For coherence squared, simply square the output from scipy.signal.coherence()
.
f, cxy = scipy.signal.coherence(
dslp,
tslp,
fs=1, # monthly
detrend='constant',
) # remove mean
co_sq = cxy**2
plt.plot(f, co_sq)
plt.xlim([0, 0.5])
plt.ylim([0, 1])
plt.xlabel('Frequency (Cycles / Month)')
plt.ylabel('Coherence SQ')
plt.title('Darwin and Tahiti Sea Level Pressure Anomalies (1935-1998)')
plt.tight_layout();
Peridogram and Smoothing#
# Calculate Periodogram
freq_dslp, dslp_psd = scipy.signal.periodogram(
dslp,
fs=1, # monthly
detrend='constant',
) # remove mean
freq_tslp, tslp_psd = scipy.signal.periodogram(tslp, fs=1, detrend='constant')
# Perform modified Daniel Smoothing
dslp_smoothed = scipy.signal.convolve(dslp_psd, window, mode='same')

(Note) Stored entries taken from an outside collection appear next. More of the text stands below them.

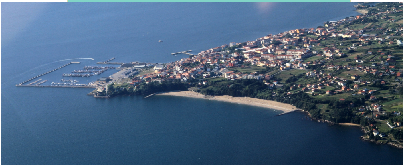
Vista aérea de Rianxo co porto e as praias do Quenxo e Tanxil, separadas polo antigo portoiño de Cortes.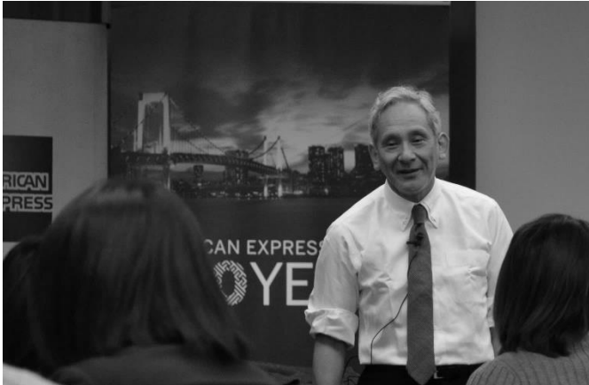
総合監修・米倉誠一郎先生による基礎講座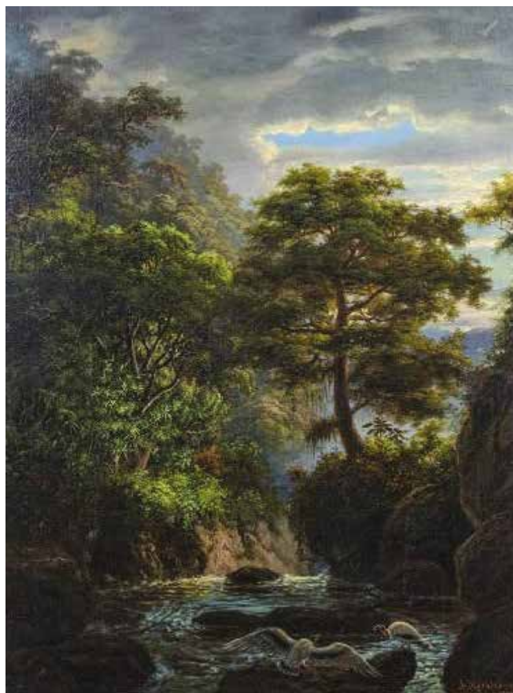
Quebrada debajo de la ensenada con cóndores y un pino, ca. 1877/1884. Óleo sobre tela. 62 x 46,8 cm. Colección privada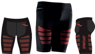
MC300NR NEGRO-ROJO / BLACK-RED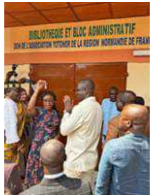
Remise d'une tenue "Bétékéli" Très émouvant discours des élèves Plantation symbolique Remise officielle des clefs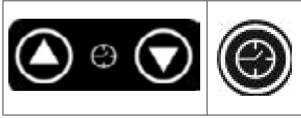
Şekil 7: Zaman Ayarlama Butonları ve Timer Butonu

Pişirme zamanını ayarlamak için "Zaman Ayarlama Butonlarına" dokununuz. Zamanı artırmak için "yukarı" butonuna, azaltmak için "aşağı" butonuna dokununuz. Pişirme zamanı set değeri "Zaman Ayarlama Butonlarının" üstünde yer alan 3 basamaklı 7 segment ekranda gösterilmektedir. Pişirme zamanını devre dışı bırakmak için "Timer" butonuna dokununuz. Pişirme zamanı devre dışı olduğunda 3 basamaklı 7 segment ekranda "---" ibaresi gösterilir. "Zaman Ayarlama Butonları" ve "Timer" butonu sırasıyla Şekil 7'de gösterilmiştir.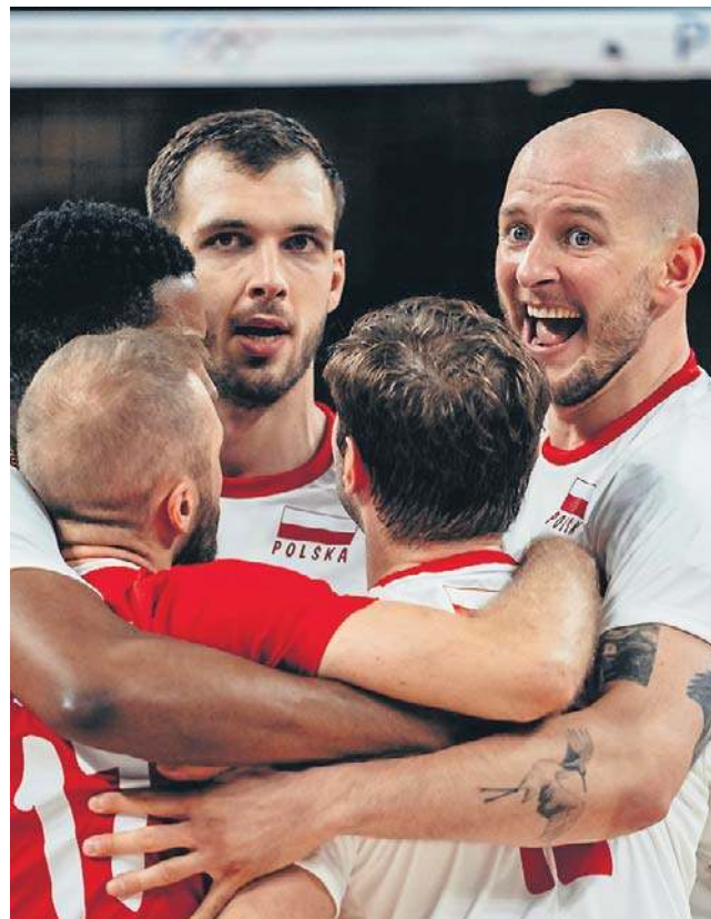
Wszystko wskazuje na to, że tych panów nie zobaczymy w tym sezonie w naszych barwach narodowych...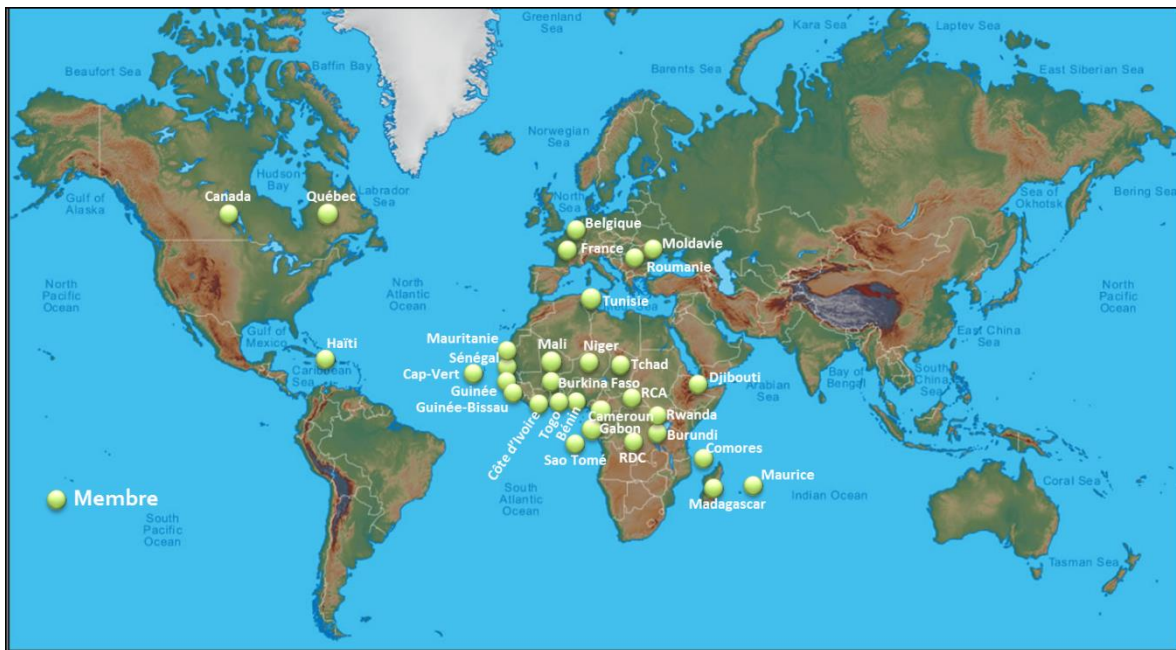
Répartition des 32 institutions membres du RECEF au 31 décembre 2020

Le 5 novembre 2020, le RECEF a tenu sa 8 e Assemblée générale annuelle par visioconférence. Cet événement a rassemblé 28 représentantes et représentants de 16 organismes de gestion des élections (OGE) de l'espace francophone, en présence de représentants de l'Organisation internationale de la Francophonie (OIF). Les OGE des États et gouvernements représentés étaient les suivants : Bénin, Burundi, Canada, Comores, Djibouti, France, Guinée-Bissau, Madagascar, Mali, Mauritanie, Québec, Roumanie, Sao Tomé-et-Principe, Sénégal, Togo et Tunisie. Le RECEF compte 32 OGE membres.

tslp_smoothed = scipy.signal.convolve(tslp_psd, window, mode='same')
fig, axs = plt.subplots(1, 2, figsize=(10, 5))
axs[0].plot(freq_dslp, dslp_smoothed)
axs[0].set_xlim([0, 0.5])
axs[0].set_ylim([0, 30])
axs[0].set_xlabel('Frequency (cycles/month)')
axs[0].set_ylabel('Variance of Darwin SLP')
axs[1].plot(freq_tslp, tslp_smoothed)
axs[1].set_xlim([0, 0.5])
axs[1].set_ylim([0, 30])
axs[1].set_xlabel('Frequency (cycles/month)')
axs[1].set_ylabel('Variance of Tahiti SLP')
fig.suptitle(
'Darwin and Tahiti Sea Level Pressure (SLP) Anomalies (1935-1998) - Power Spectral Density'
)
plt.tight_layout();